*** Opening of Supplied material ***

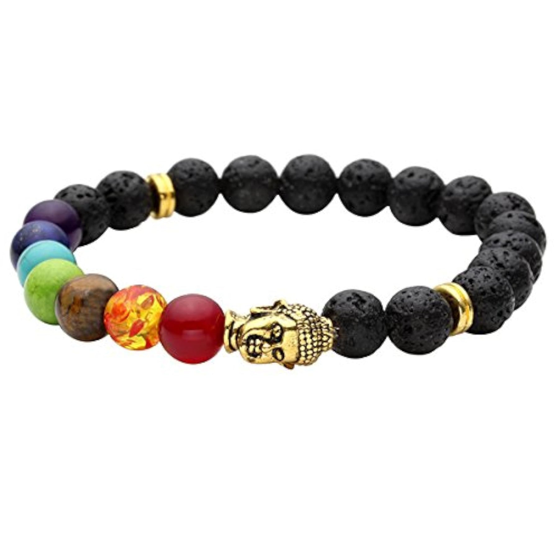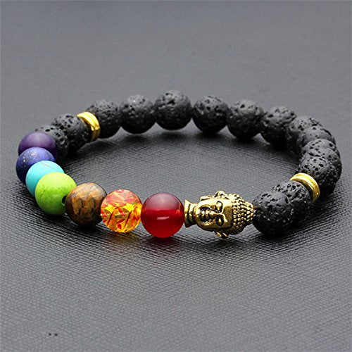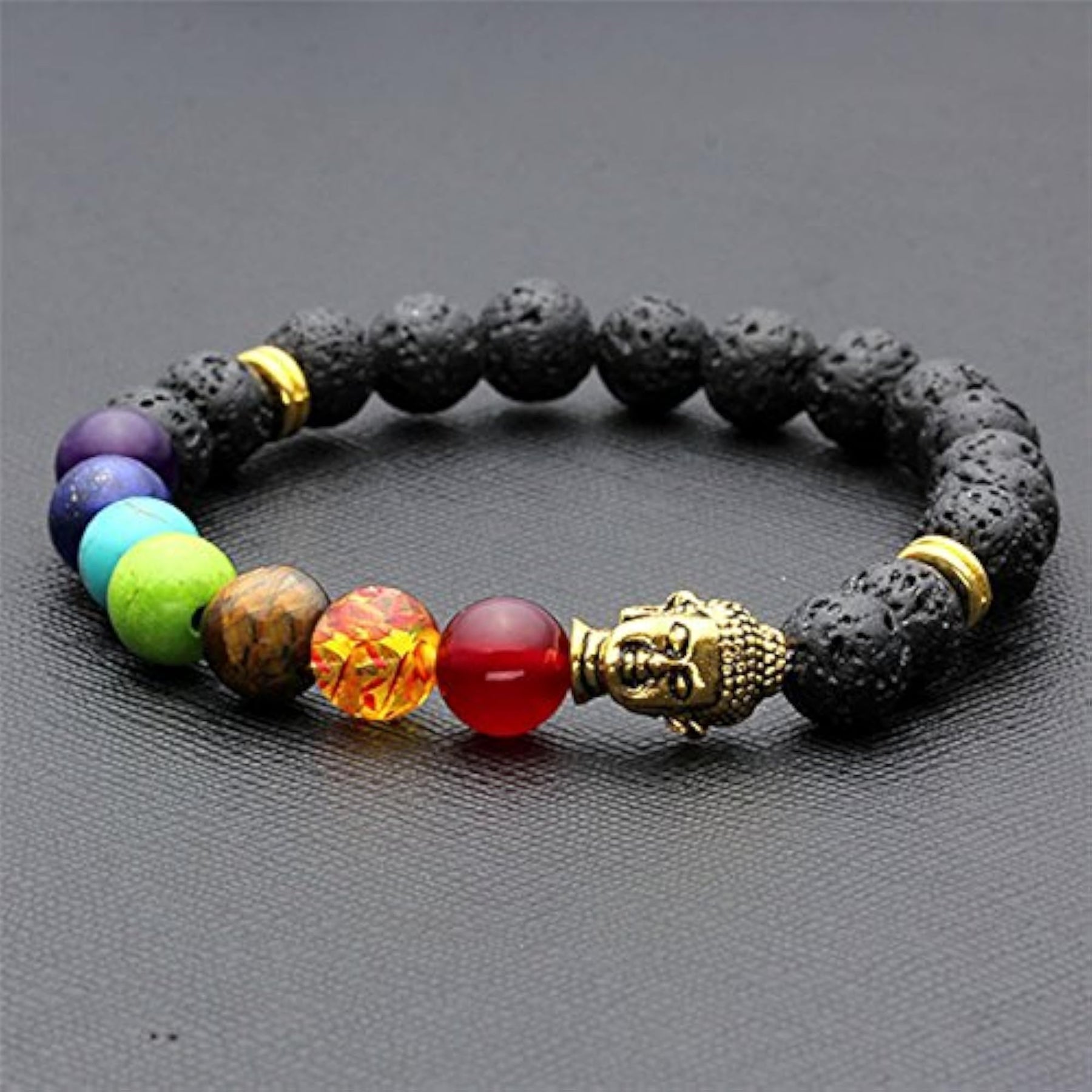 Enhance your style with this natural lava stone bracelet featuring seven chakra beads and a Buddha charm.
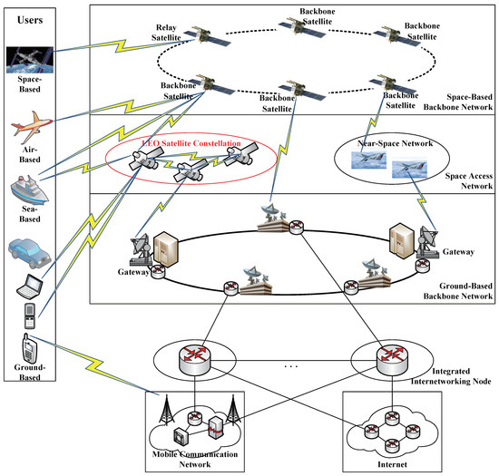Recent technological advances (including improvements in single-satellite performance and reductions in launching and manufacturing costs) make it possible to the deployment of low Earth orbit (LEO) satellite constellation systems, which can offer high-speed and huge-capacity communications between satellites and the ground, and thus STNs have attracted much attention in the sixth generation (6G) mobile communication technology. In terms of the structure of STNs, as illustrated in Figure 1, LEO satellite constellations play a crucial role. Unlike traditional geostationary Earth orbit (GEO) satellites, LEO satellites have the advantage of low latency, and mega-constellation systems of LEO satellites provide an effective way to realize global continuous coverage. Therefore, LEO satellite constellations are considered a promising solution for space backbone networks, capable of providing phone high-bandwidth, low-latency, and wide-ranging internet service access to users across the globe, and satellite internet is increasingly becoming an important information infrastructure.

*** Close of Supplied material ***
*** Opening of Supplied material ***

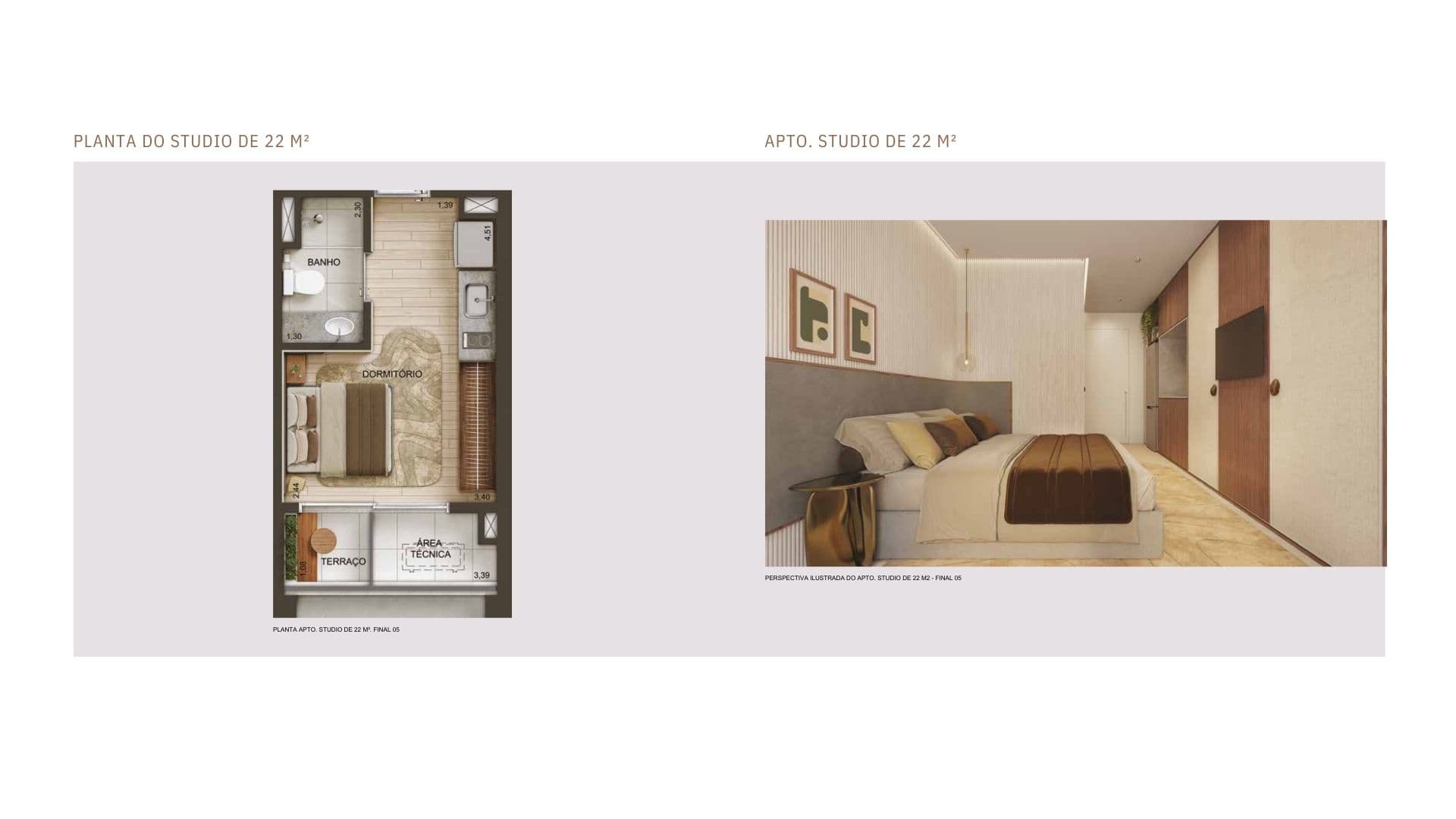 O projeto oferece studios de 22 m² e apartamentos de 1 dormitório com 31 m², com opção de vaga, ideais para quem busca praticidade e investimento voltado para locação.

*** Close of Supplied material ***

Problem description → "Enhance your style" marks the first line to copy, and "Recent technological advances" marks the last. Repeat that stretch above exactly, with no pictures.

Result of this exercise →
 Enhance your style with this natural lava stone bracelet featuring seven chakra beads and a Buddha charm.
Recent technological advances (including improvements in single-satellite performance and reductions in launching and manufacturing costs) make it possible to the deployment of low Earth orbit (LEO) satellite constellation systems, which can offer high-speed and huge-capacity communications between satellites and the ground, and thus STNs have attracted much attention in the sixth generation (6G) mobile communication technology. In terms of the structure of STNs, as illustrated in Figure 1, LEO satellite constellations play a crucial role. Unlike traditional geostationary Earth orbit (GEO) satellites, LEO satellites have the advantage of low latency, and mega-constellation systems of LEO satellites provide an effective way to realize global continuous coverage. Therefore, LEO satellite constellations are considered a promising solution for space backbone networks, capable of providing phone high-bandwidth, low-latency, and wide-ranging internet service access to users across the globe, and satellite internet is increasingly becoming an important information infrastructure.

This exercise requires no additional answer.